The other day I found myself listening to the song that helped me through our first failed IVF pregnancy at the beginning of the year. It’s a beautiful song by Emile Sande called Breathing Underwater and sums up for me the incredible, despair-free journey we took as we lost two little ones to miscarriage over the New Year. Back then I sensed that Father God had scooped us up from the edge of a dark pit before we toppled in, and carried us safely through the months which followed.
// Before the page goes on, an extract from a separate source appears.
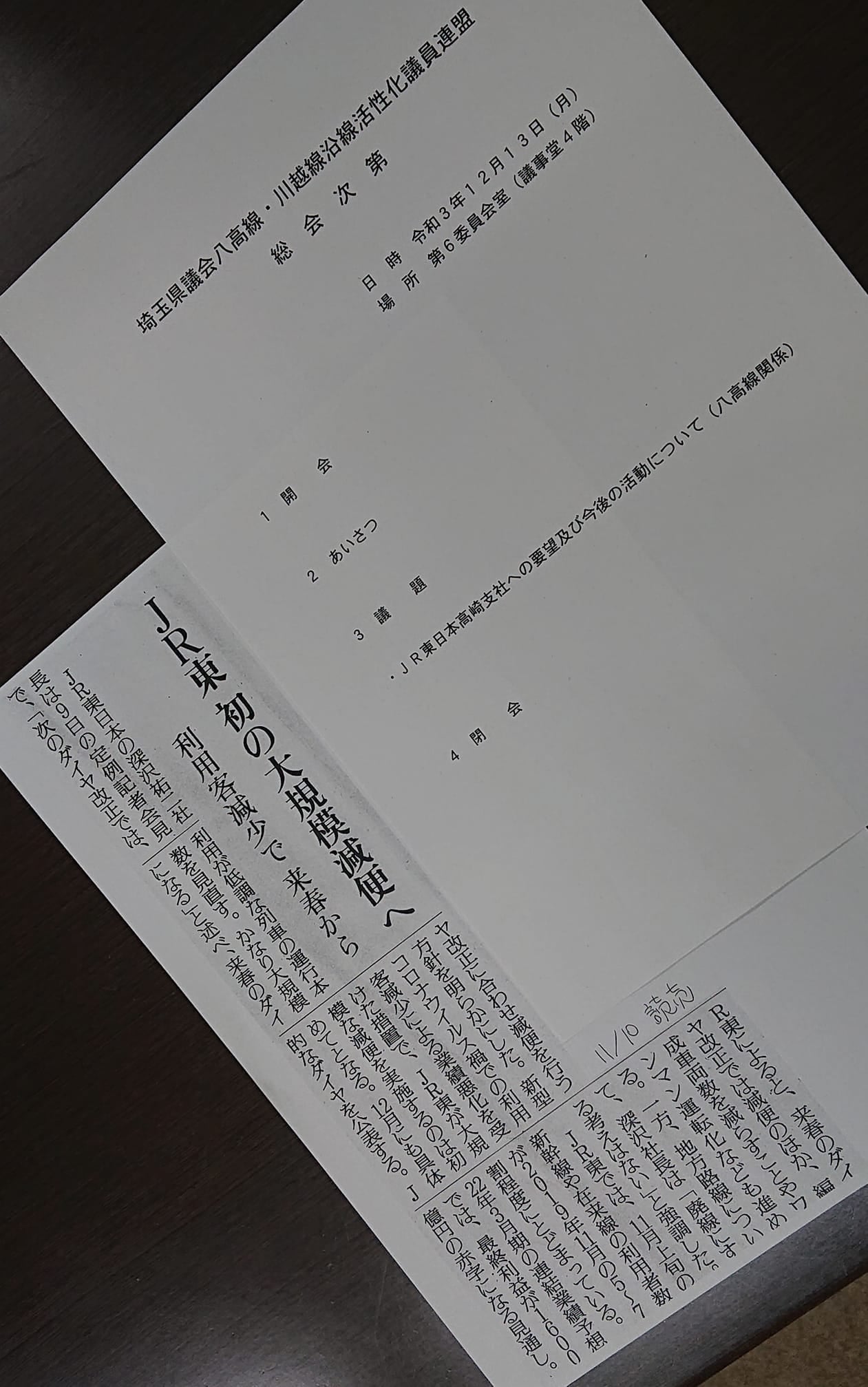 八高線 川越線の議員連盟 会議があり、予定していた議題に加えて【JR大幅減便】について私が問題提起した報道資料を配って下さり、小谷野五雄会長(日高市)が私に発言を促してくれました。皆さんに感謝

I miscarried our most recent IVF embryos exactly three months ago today, and the landscape that we have traversed after this miscarriage has been so different. It has taken me a very long time to admit the depth of pain – perhaps accumulated pain – that I have been in. I started a new job only a few days before finding out in our early scan appointment that all was not what we had hoped for and two weeks later my body heaved and rejected what it could not sustain. The combination of beginning a new position alongside experiencing physical and emotional trauma felt like the worst timing in the world, and so I put a lid on my pain in an effort to march out the days at work. Despite seeking prayer support and booking a week of holiday, I should have guessed that I could not carry on as I was and that I might eventually implode. But sometimes, we’re not very good at admitting that we’re in trouble and that we need help, even as the telltale signs of physical stress begin to emerge!
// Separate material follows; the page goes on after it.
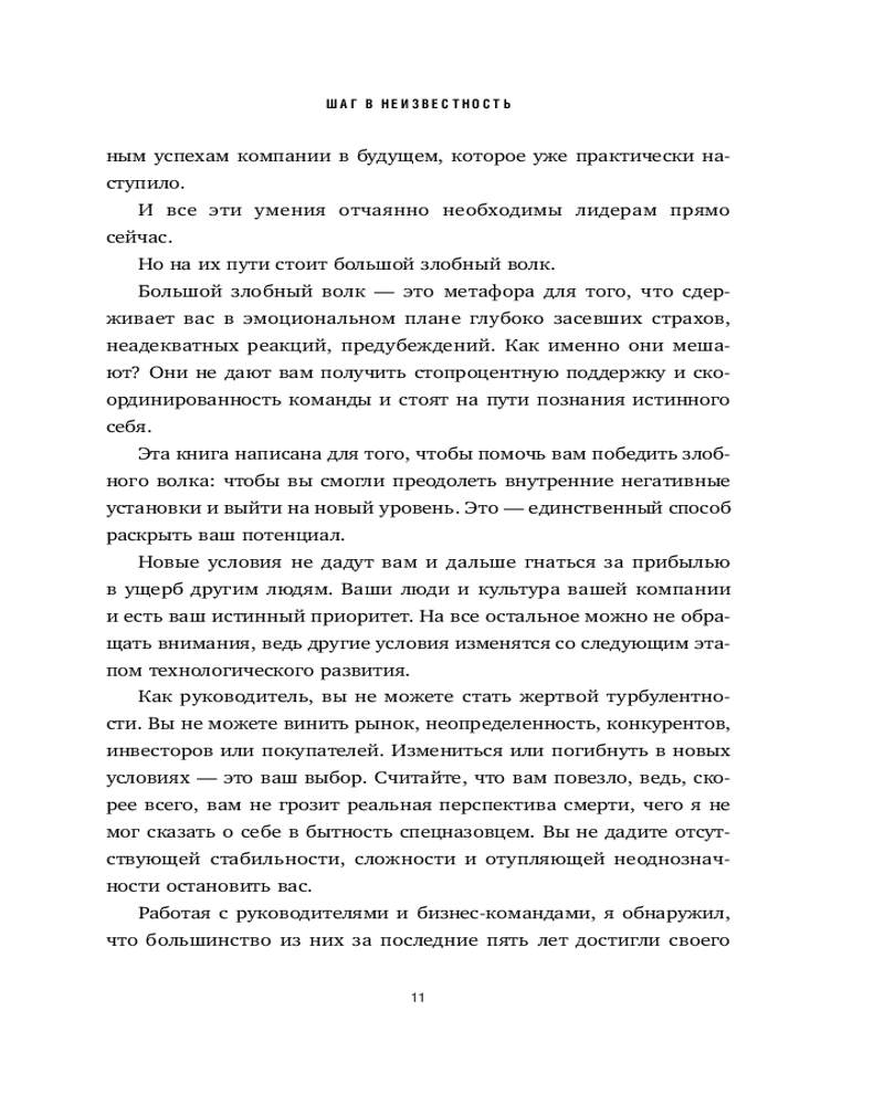 Загляни в глаза волка. 7 принципов настоящего вожакаВ данный момент этот товар отсутствует в продаже. Возможно, у нас найдется аналогичный или похожий товар здесь. Серия: Психология. Искусство лидера Быть первым среди равных. Настоящим вожаком в стае талантливых и амбициозных. Тем, кто ведет за собой во времена потрясений и перемен. Что для этого нужно? Марк Дивайн уверен, в здоровой команде главный — не тот, у кого самые острые зубы, а тот, кто способен придерживаться 7 принципов: храбрости, доверия, уважения, роста, развития, стойкости и контакта. За плечами Марка 20 лет командования морпехами, больше 25 лет предпринимательства и 10 лет работы в качестве бизнес-коуча. Он точно знает, что нужно, чтобы стать психологически сильным и устойчивым самому и сделать свою команду такой же. |

My week of holiday, which was meant to be the rest we so desperately needed, was ruined by a nasty chest infection and conjunctivitis which only worsened upon my return. I took an extra week off to recover and then returned to work, but was immediately struck down by another infection, and at this point a kind and firm doctor realised that my body was crying out for help and intervened. I am bemused and ashamed now that I resisted for so long in admitting how ill I felt, but despite my pigheadedness, I also recognise God’s hand in the joining of dots as first my boss at work, then the counsellor (yes, I’ve just begun some counselling) and finally the GP all joined forces in ensuring I took the time off I needed.
Alongside this physical meltdown, I knew that I was up to my eyes in an emotional pain for which I had no words. My waking thoughts and prayers were little more than a deep groaning, “I’m so broken. My heart is so broken”, and this refrain would rise up from my spirit in the middle of the night, as I surfaced for the day and as I went to sleep at night. I had nothing more than a deep, raw agony of loss and I had no idea where to start in trying to heal. I felt like I was looking down into the well of my emotional reserves and could see straight to its very empty bottom. There was nothing left this time to draw on. The pain I was feeling had risen up in my life like a great, yawning cavern and as I stood at the edge and peered in, blinking furiously into the darkness to assess how deep and wide it might be, I was too frightened to venture further unless it sucked me inside and I never reappeared again.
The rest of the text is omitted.